Together these verify the whole op registry numerically against the real interpreter: CONV_2D with valid and same padding, DEPTHWISE_CONV_2D, pointwise CONV_2D, FULLY_CONNECTED, MAX_POOL_2D, AVERAGE_POOL_2D, global average pooling (MEAN), RESHAPE, ADD, SOFTMAX, LOGISTIC, and fused ReLU. The op registry grows one converter at a time, and the public types are stable.

The same emitted .tflite is also run through a native Node TFLite runtime (npm run test:node-tflite), so the file is confirmed portable across two independent interpreters, the browser WASM build and the TensorFlow Lite C++ library, with the model's accuracy intact in both.

Testing

npm test                 # Node unit tests (Vitest): math, serialization, pipeline
npm run test:parity      # browser parity against the real TFLite WASM interpreter
npm run test:node-tflite # run the emitted .tflite in a native Node TFLite runtime
npm run typecheck        # strict TypeScript, library and tooling
npm run build            # bundle to dist (ESM plus type declarations)

npm run test:parity starts the Vite dev server, drives app/parity.html in a headless Chromium through Playwright, and loads the emitted .tflite files into the actual TensorFlow Lite WASM interpreter. It needs a local Chrome or Chromium and network access for the interpreter's WASM.

npm run test:node-tflite trains a model, writes a real .tflite file to disk, and loads it back with tfjs-tflite-node, the TensorFlow Lite C++ library bound to Node.
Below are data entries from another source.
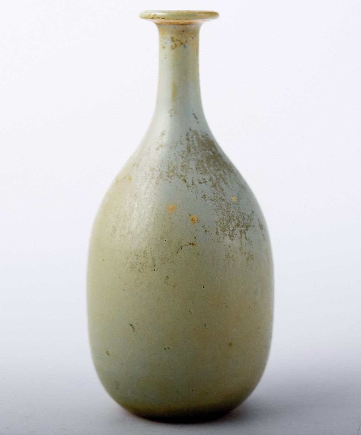 Carl Harry Stålhane, Rörstrand miniature stentøjsvase. Smuk lys glasur. I perfekt stand, 1. sortering. 4.7 cm. høj.
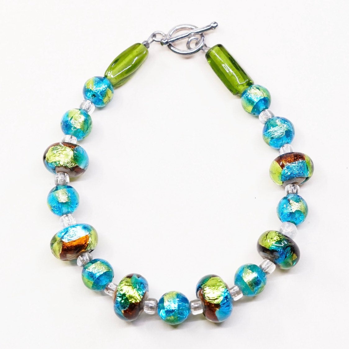 6.75", vintage 925 Sterling silver beads bracelet with artisan green glass beads with toggle closure, stamped 925
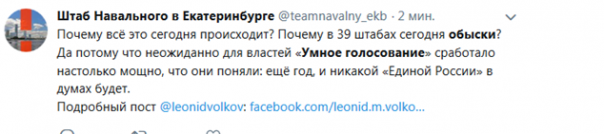 В штабах Навального проходят обыски. Шайка блогера во главе с его толстым другом Леней Волковым пытаются оправдаться и перекрутить факты, заявляя, что все это политические репрессии и успех УГ. Но на деле – это отмывание миллиарда рублей и неуплата налогов.
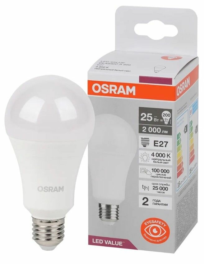 Отзывы на 5шт/уп. Лампа LED Груша 18Вт 220-240В E27 2000Лм 4000К Угол 180 град. d 65mm h 132mm Свет Дневной белый Osram, уп. 5шт

The same file running in both the browser WASM interpreter and the native C++ library is the portability proof: the output is a standard .tflite, not something tied to this library. The unit tests need neither a browser nor a native build and run anywhere Node does.

Development

npm install
npm run gen:schema  # regenerate FlatBuffers bindings from schema/schema.fbs (needs flatc)
npm run app         # run the test app at http://localhost:5173

Adding support for a new layer is a small, isolated change: write a converter under src/ops/, register it, and add a parity case. See DESIGN.md for the architecture and the weight layout rules.

License

Apache License 2.0. See LICENSE and NOTICE.

Apache 2.0 matches every dependency this library builds on, it is permissive enough for wide adoption, and it carries an explicit patent grant that matters for a model format and quantization library.

Credits

This library stands on work done by others. It is the thin layer between these projects, not a replacement for any of them.
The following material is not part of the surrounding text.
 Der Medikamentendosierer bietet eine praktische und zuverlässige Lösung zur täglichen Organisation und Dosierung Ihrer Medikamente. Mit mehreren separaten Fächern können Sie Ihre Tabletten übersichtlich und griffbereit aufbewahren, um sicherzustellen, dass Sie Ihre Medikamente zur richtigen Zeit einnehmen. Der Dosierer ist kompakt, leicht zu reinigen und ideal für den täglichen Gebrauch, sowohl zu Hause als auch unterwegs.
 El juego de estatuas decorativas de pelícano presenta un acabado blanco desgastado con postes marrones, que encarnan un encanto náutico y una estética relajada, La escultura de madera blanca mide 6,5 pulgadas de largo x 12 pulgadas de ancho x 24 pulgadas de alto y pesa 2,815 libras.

  • TensorFlow and TensorFlow.js, which build, train, and run the float model. The library adds only the export half that TensorFlow.js does not provide.
  • The TensorFlow Lite WASM interpreter (@tensorflow/tfjs-tflite), used unmodified as the parity oracle in verify. The library does not write a second interpreter; it trusts the real one.
  • Google FlatBuffers and the flatc compiler, which generate the serialization bindings and provide the runtime the serializer uses.
  • Playwright, which drives a real headless browser so the int8 parity check runs against the actual WASM interpreter rather than a stand in.
  • The TensorFlow Lite FlatBuffers schema (file_identifier TFL3, root_type Model), pinned and committed in this repository. See schema/SCHEMA_SOURCE.md for provenance and the regeneration procedure.
  • The documented failure mode where a quantized .tflite is silently broken by a flatc JSON round trip, the conversion to text JSON and back losing or corrupting the quantization scales and buffers. That case is precisely why this library serializes through the FlatBuffers binary runtime directly and never round trips quantized models through JSON, and it is why verify exists: the emitted bytes are checked against the float reference in a real interpreter before they are trusted.

TensorFlow, TensorFlow.js, tfjs-tflite, the TFLite schema, and FlatBuffers are each licensed under Apache 2.0. They are peer or development dependencies and are not redistributed as part of this library.